- Work instructions -
Nothing but the text of the records should come back; copy it exactly and leave the pictures out.

▬▬▬▬▬▬

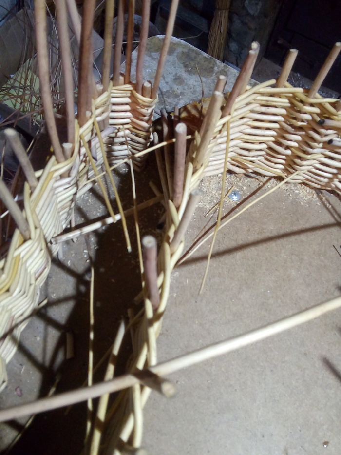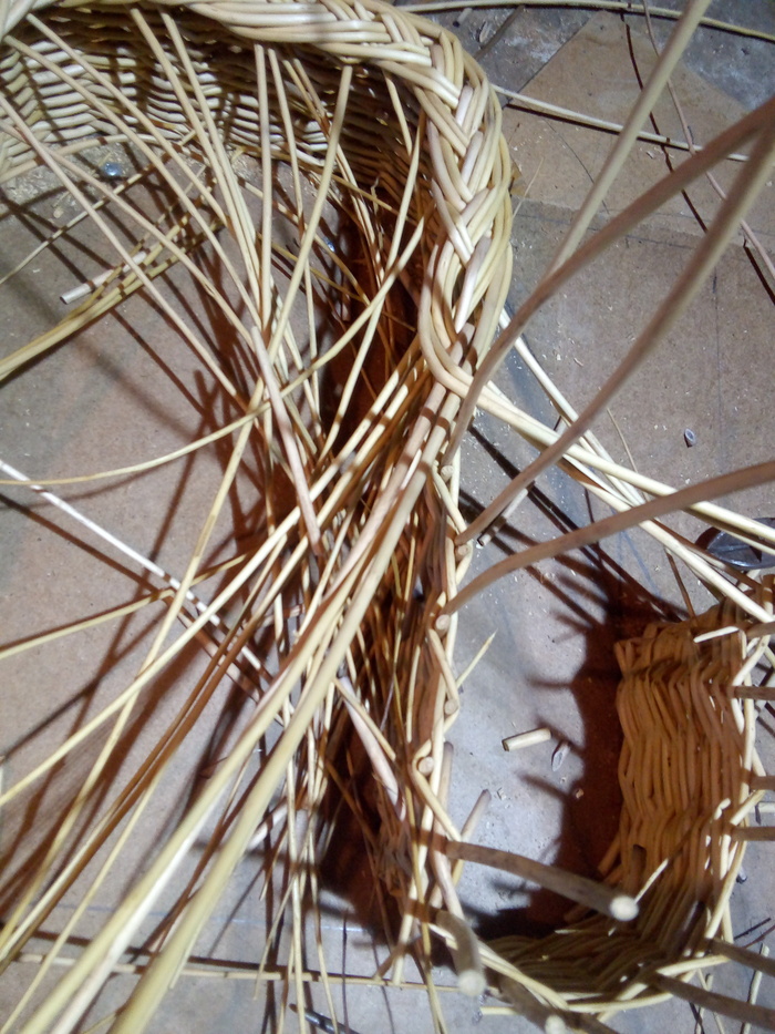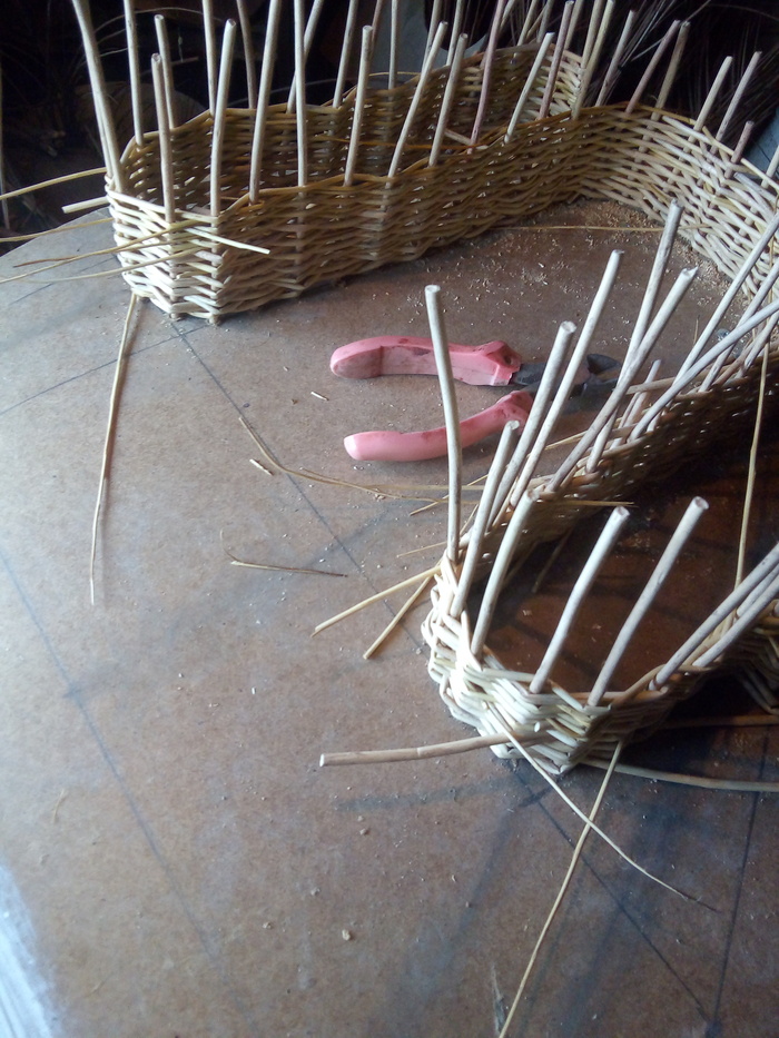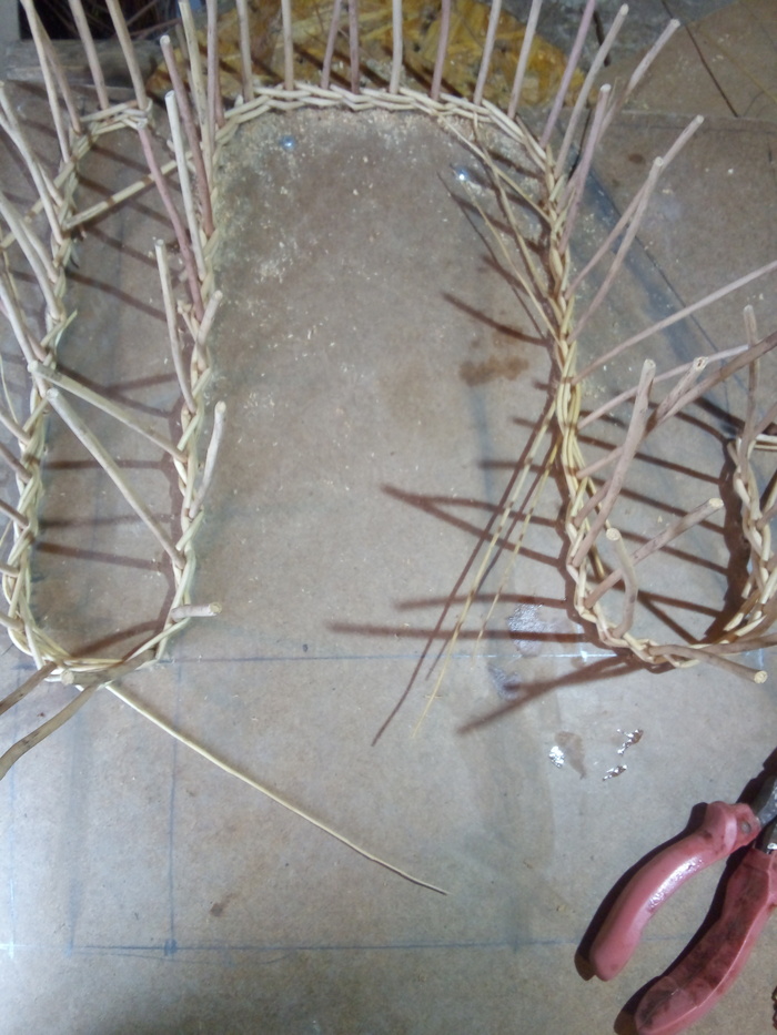 Выгоняю плетение шириной 9,5 см. Больше у меня не получится, иначе форма будет « плавать». Подрезаем стойки. Рядом подставляю стойки, как можно глубже, помогаем шилом.
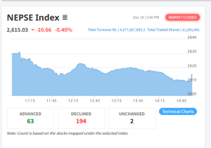 काठमाडौं । साताको तेस्रो कारोबार दिन मंगलबार नेप्से दोहोरो अंकले बढेको छ । नेपाल स्टक एक्सचेन्ज (नेप्से) परिसूचक २१.६२ अंकले बढेर २६३८.६० विन्दुमा पुगेको छ। नेप्से बढे पनि कारोबार रकम भने अघिल्लो दिनको तुलनामा घटेको छ ।
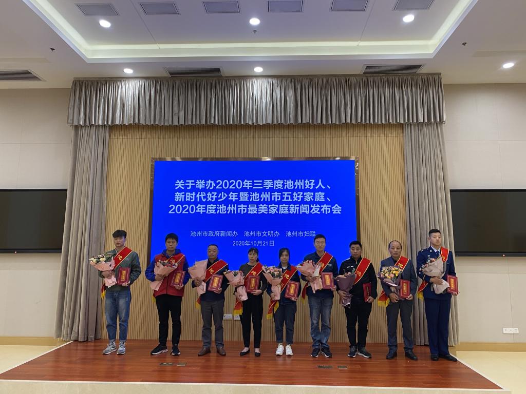 10月21日,市政府新闻办、市文明办、市妇联联合召开2020年第三季度池州好人、新时代好少年暨池州市五好家庭、2020年度池州最美家庭新闻发布会,并进行了表彰。世界杯官网体育学院李义涵同学荣获“池州好人”称号。
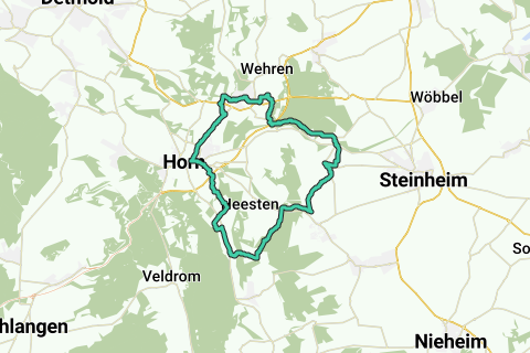 Explore Horn-Bad Meinberg over mountains and valleys. Find tranquility in nature. There's little chance you'll see many cars along this route. Discover the region along unpaved paths. Definitely stop at the state bath of Bad Meinberg. No boredom along this route. Take your time for this route.
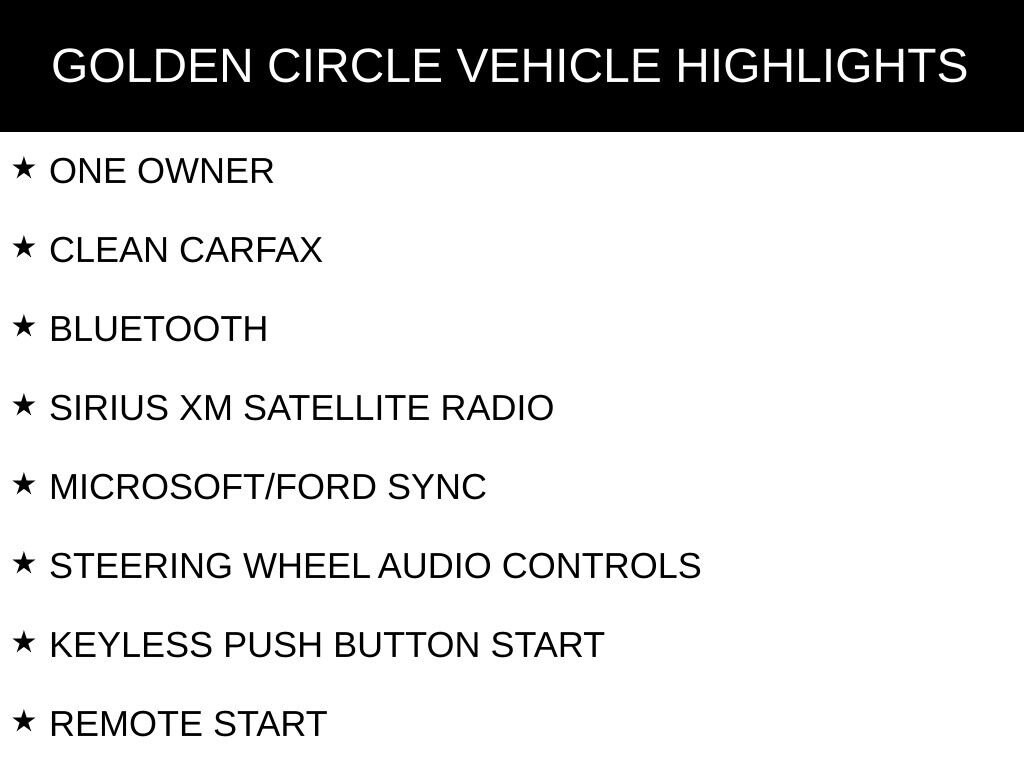 ONE OWNER, CLEAN CARFAX, BLUETOOTH, SIRIUS XM SATELLITE RADIO, MICROSOFT/FORD SYNC, STEERING WHEEL AUDIO CONTROLS, KEYLESS PUSH BUTTON START, REMOTE START, POWER LIFTGATE, SE SERIES, EQUIPMENT PACKAGE 201A, 17 ALLOY SPARKLE SILVER WHEELS, 6 SPEAKERS, AIR CONDITIONING, BRAKE ASSIST, BUMPERS: BODY-COLOR, CD PLAYER, COMPASS, DELAY-OFF HEADLIGHTS, DRIVER VANITY MIRROR, DUAL FRONT IMPACT AIRBAGS, DUAL FRONT SIDE IMPACT AIRBAGS, ELECTRONIC STABILITY CONTROL, FRONT CENTER ARMREST, FRONT FOG LIGHTS, LOW TIRE PRESSURE WARNING, OCCUPANT SENSING AIRBAG, OUTSIDE TEMPERATURE DISPLAY, OVERHEAD CONSOLE, PANIC ALARM, PASSENGER VANITY MIRROR, POWER DOOR MIRRORS, POWER WINDOWS, REAR WINDOW DEFROSTER, REAR WINDOW WIPER, REMOTE KEYLESS ENTRY, TELESCOPING STEERING WHEEL, TILT STEERING WHEEL, VARIABLY INTERMITTENT WIPERS.

▬▬▬▬▬▬

- Worked solution -
 Выгоняю плетение шириной 9,5 см. Больше у меня не получится, иначе форма будет « плавать». Подрезаем стойки. Рядом подставляю стойки, как можно глубже, помогаем шилом.
 काठमाडौं । साताको तेस्रो कारोबार दिन मंगलबार नेप्से दोहोरो अंकले बढेको छ । नेपाल स्टक एक्सचेन्ज (नेप्से) परिसूचक २१.६२ अंकले बढेर २६३८.६० विन्दुमा पुगेको छ। नेप्से बढे पनि कारोबार रकम भने अघिल्लो दिनको तुलनामा घटेको छ ।
 10月21日,市政府新闻办、市文明办、市妇联联合召开2020年第三季度池州好人、新时代好少年暨池州市五好家庭、2020年度池州最美家庭新闻发布会,并进行了表彰。世界杯官网体育学院李义涵同学荣获“池州好人”称号。
 Explore Horn-Bad Meinberg over mountains and valleys. Find tranquility in nature. There's little chance you'll see many cars along this route. Discover the region along unpaved paths. Definitely stop at the state bath of Bad Meinberg. No boredom along this route. Take your time for this route.
 ONE OWNER, CLEAN CARFAX, BLUETOOTH, SIRIUS XM SATELLITE RADIO, MICROSOFT/FORD SYNC, STEERING WHEEL AUDIO CONTROLS, KEYLESS PUSH BUTTON START, REMOTE START, POWER LIFTGATE, SE SERIES, EQUIPMENT PACKAGE 201A, 17 ALLOY SPARKLE SILVER WHEELS, 6 SPEAKERS, AIR CONDITIONING, BRAKE ASSIST, BUMPERS: BODY-COLOR, CD PLAYER, COMPASS, DELAY-OFF HEADLIGHTS, DRIVER VANITY MIRROR, DUAL FRONT IMPACT AIRBAGS, DUAL FRONT SIDE IMPACT AIRBAGS, ELECTRONIC STABILITY CONTROL, FRONT CENTER ARMREST, FRONT FOG LIGHTS, LOW TIRE PRESSURE WARNING, OCCUPANT SENSING AIRBAG, OUTSIDE TEMPERATURE DISPLAY, OVERHEAD CONSOLE, PANIC ALARM, PASSENGER VANITY MIRROR, POWER DOOR MIRRORS, POWER WINDOWS, REAR WINDOW DEFROSTER, REAR WINDOW WIPER, REMOTE KEYLESS ENTRY, TELESCOPING STEERING WHEEL, TILT STEERING WHEEL, VARIABLY INTERMITTENT WIPERS.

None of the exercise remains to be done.